Problem statement: Repeat the full listing below verbatim and keep the images out.

Dataset section:
........
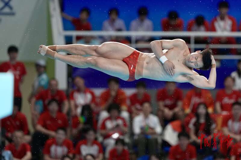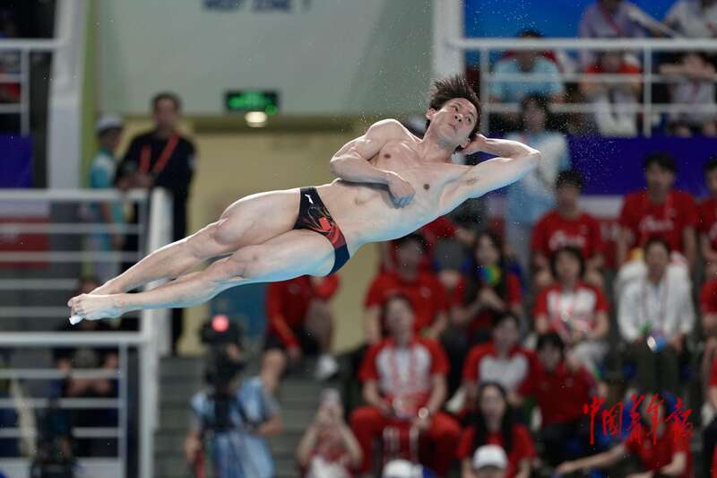 11月10日,广东广州,第十五届全运会男子3米跳板决赛,湖北队选手王宗源在比赛中。当日,湖北队王宗源、郑九源,广东队何超等跳水名将亮相第十五届全运会跳水项目男子3米跳板决赛。最终,王宗源以549.85分的总成绩夺得金牌,郑九源以510.60分获得银牌,何超以489.70分获得铜牌。中青报·中青网记者 李隽辉/摄
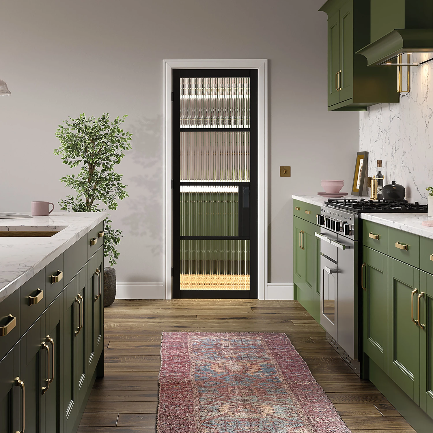 An amazing modern and industrial design with a retro twist. Featuring four generous reeded glazed panels, this door is ideal to let natural light flow throughout your home whilst also preserving your privacy. The textured glazing is shaped into semi-cylindrical adjacent mouldings to create the reeded pattern. Our first door to use reeded glazing, this will be a standout asset to your home. This internal door is constructed using sleek and slender primed plus black beading and a decorative lock block which is perfect for your matching accessories. Please note: this door must be paired with our Manhattan door hardware.
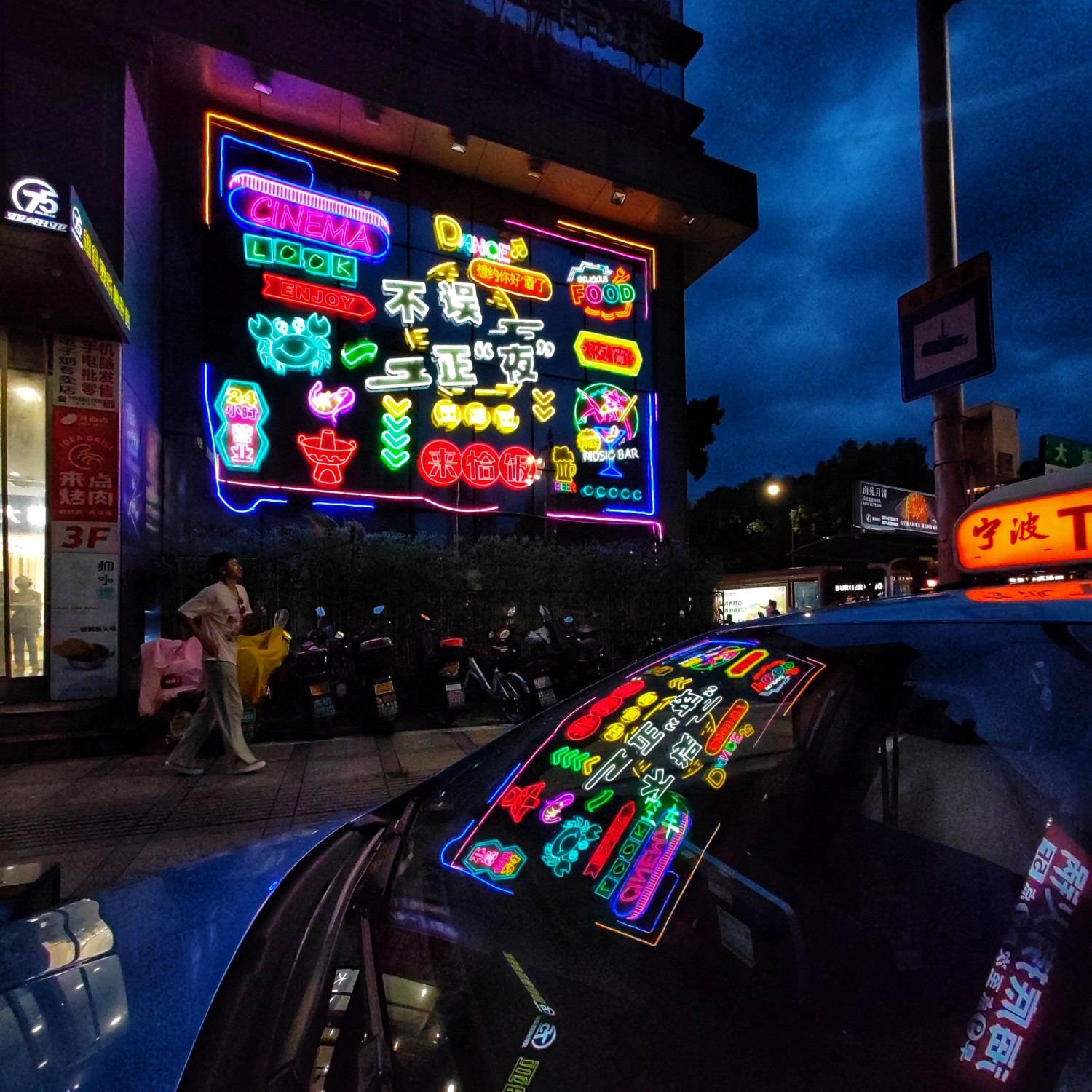 作品说明:汽车的挡风玻璃反光多彩的霓虹灯,使夜色更添色彩。摄自宁波街头。
........
Exercise solution:
 11月10日,广东广州,第十五届全运会男子3米跳板决赛,湖北队选手王宗源在比赛中。当日,湖北队王宗源、郑九源,广东队何超等跳水名将亮相第十五届全运会跳水项目男子3米跳板决赛。最终,王宗源以549.85分的总成绩夺得金牌,郑九源以510.60分获得银牌,何超以489.70分获得铜牌。中青报·中青网记者 李隽辉/摄
 An amazing modern and industrial design with a retro twist. Featuring four generous reeded glazed panels, this door is ideal to let natural light flow throughout your home whilst also preserving your privacy. The textured glazing is shaped into semi-cylindrical adjacent mouldings to create the reeded pattern. Our first door to use reeded glazing, this will be a standout asset to your home. This internal door is constructed using sleek and slender primed plus black beading and a decorative lock block which is perfect for your matching accessories. Please note: this door must be paired with our Manhattan door hardware.
 作品说明:汽车的挡风玻璃反光多彩的霓虹灯,使夜色更添色彩。摄自宁波街头。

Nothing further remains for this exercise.